• [WORK INSTRUCTIONS]
Determine how many lines in the material hold the string "Shop", then reply with that number only.

• [TASK MATERIAL]
_ _ _ _ _

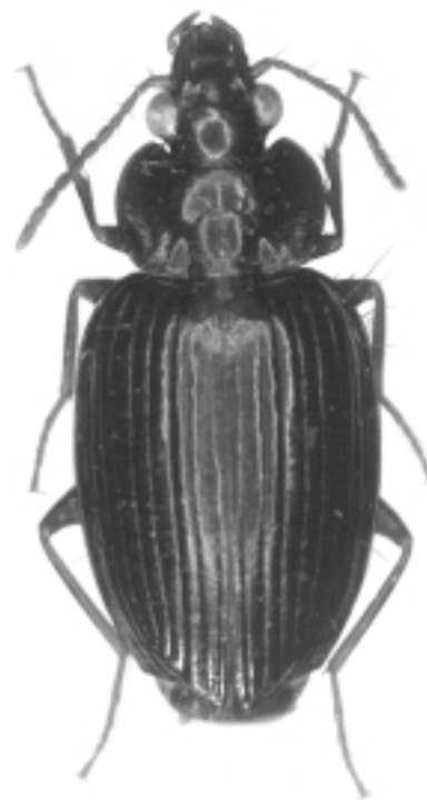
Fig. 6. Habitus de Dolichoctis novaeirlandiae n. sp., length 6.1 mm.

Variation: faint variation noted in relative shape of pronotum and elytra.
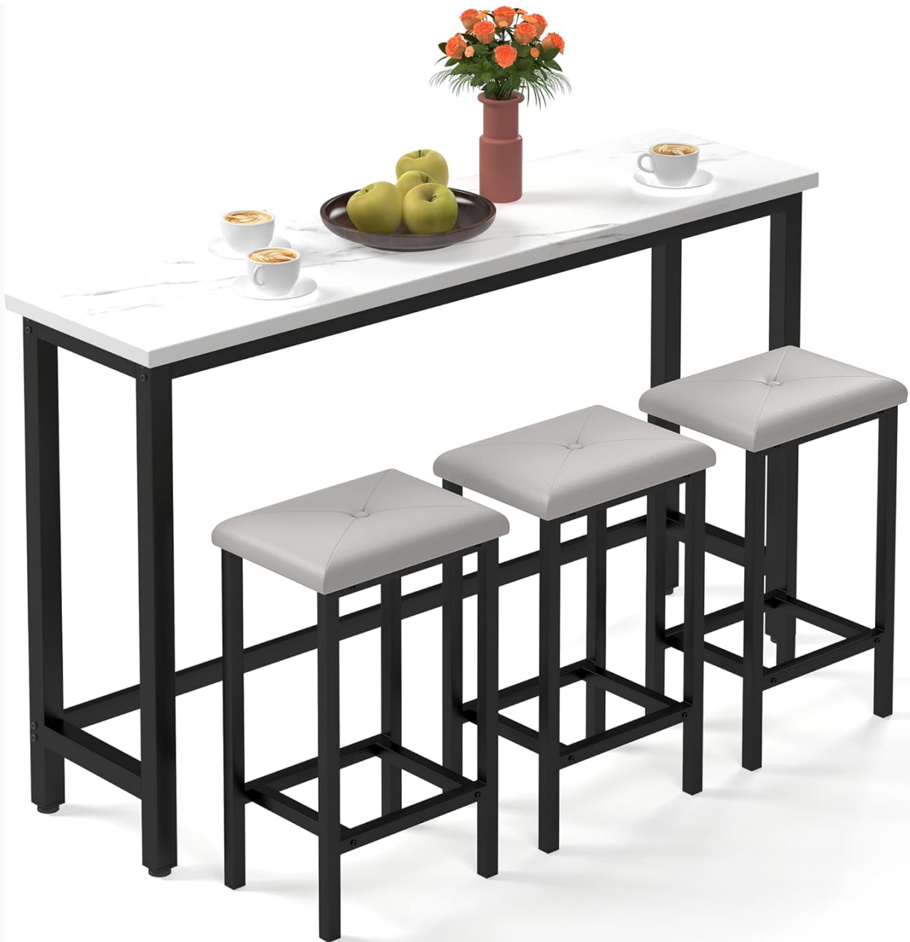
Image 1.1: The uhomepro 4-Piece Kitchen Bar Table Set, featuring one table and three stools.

_ _ _ _ _

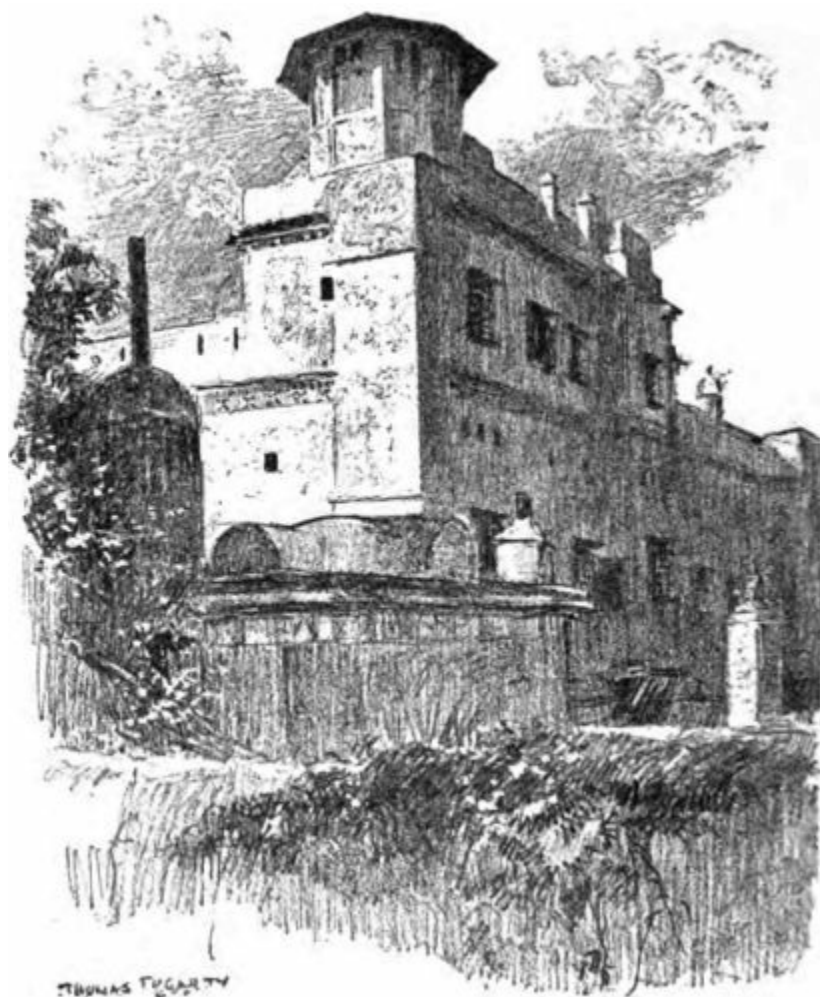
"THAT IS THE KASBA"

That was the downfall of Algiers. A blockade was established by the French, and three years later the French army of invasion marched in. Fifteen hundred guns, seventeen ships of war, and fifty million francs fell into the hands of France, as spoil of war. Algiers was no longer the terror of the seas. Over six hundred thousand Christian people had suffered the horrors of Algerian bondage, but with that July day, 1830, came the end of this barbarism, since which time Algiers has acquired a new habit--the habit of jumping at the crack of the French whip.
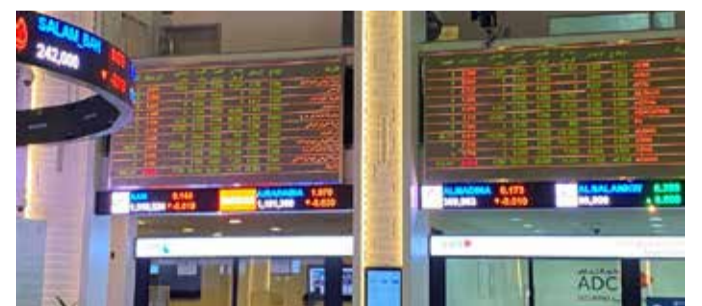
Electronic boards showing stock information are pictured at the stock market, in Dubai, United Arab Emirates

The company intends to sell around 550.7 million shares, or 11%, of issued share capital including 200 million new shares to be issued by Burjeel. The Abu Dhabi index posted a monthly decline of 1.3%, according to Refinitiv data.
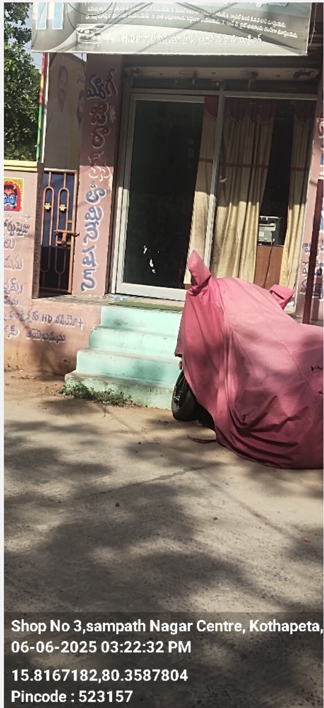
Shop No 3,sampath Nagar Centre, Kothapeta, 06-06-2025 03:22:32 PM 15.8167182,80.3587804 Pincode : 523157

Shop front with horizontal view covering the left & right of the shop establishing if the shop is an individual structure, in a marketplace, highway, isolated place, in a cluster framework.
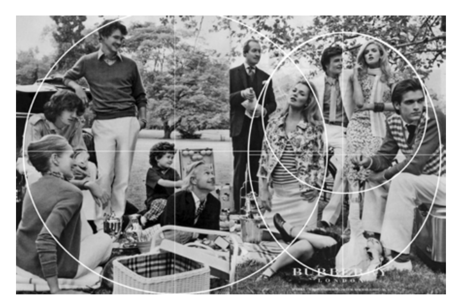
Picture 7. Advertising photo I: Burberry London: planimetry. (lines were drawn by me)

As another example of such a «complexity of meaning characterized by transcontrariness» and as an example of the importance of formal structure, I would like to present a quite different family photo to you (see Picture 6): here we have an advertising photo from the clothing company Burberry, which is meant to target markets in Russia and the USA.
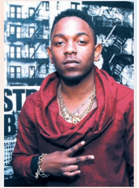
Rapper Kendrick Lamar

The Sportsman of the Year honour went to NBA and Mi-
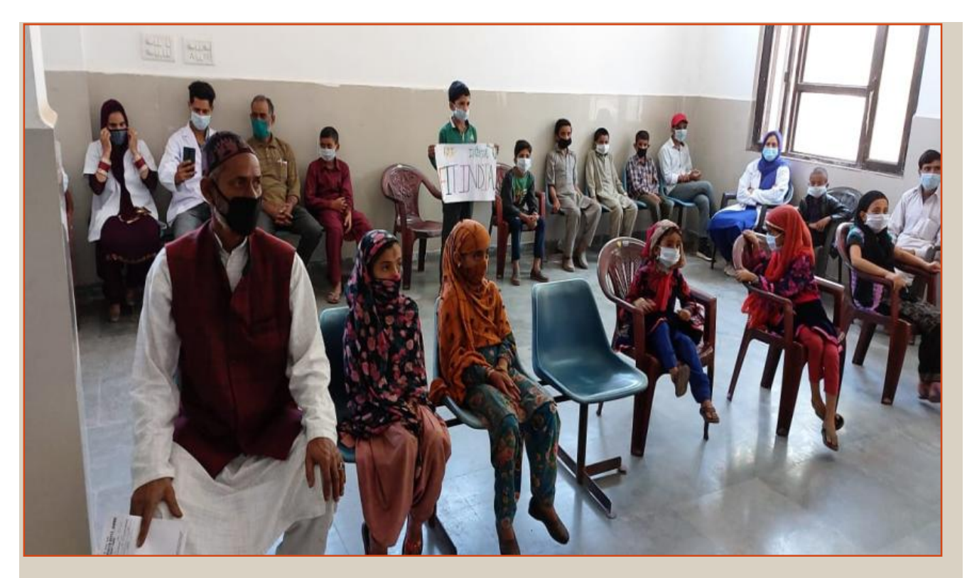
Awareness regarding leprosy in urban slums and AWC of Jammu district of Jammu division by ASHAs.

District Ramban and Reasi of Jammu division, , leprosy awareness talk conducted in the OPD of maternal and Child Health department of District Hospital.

_ _ _ _ _

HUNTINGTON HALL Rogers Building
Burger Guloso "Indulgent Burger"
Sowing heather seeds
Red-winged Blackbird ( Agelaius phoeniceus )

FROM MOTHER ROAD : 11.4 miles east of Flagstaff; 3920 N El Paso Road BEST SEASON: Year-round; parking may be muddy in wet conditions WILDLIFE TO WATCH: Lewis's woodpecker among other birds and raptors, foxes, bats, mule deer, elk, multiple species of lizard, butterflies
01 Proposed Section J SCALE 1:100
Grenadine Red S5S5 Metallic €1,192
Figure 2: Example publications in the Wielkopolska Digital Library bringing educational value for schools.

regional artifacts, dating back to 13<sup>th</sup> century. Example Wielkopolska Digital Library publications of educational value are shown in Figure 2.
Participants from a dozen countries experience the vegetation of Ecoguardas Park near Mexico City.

_ _ _ _ _

• [RESULT OF THIS EXERCISE]
2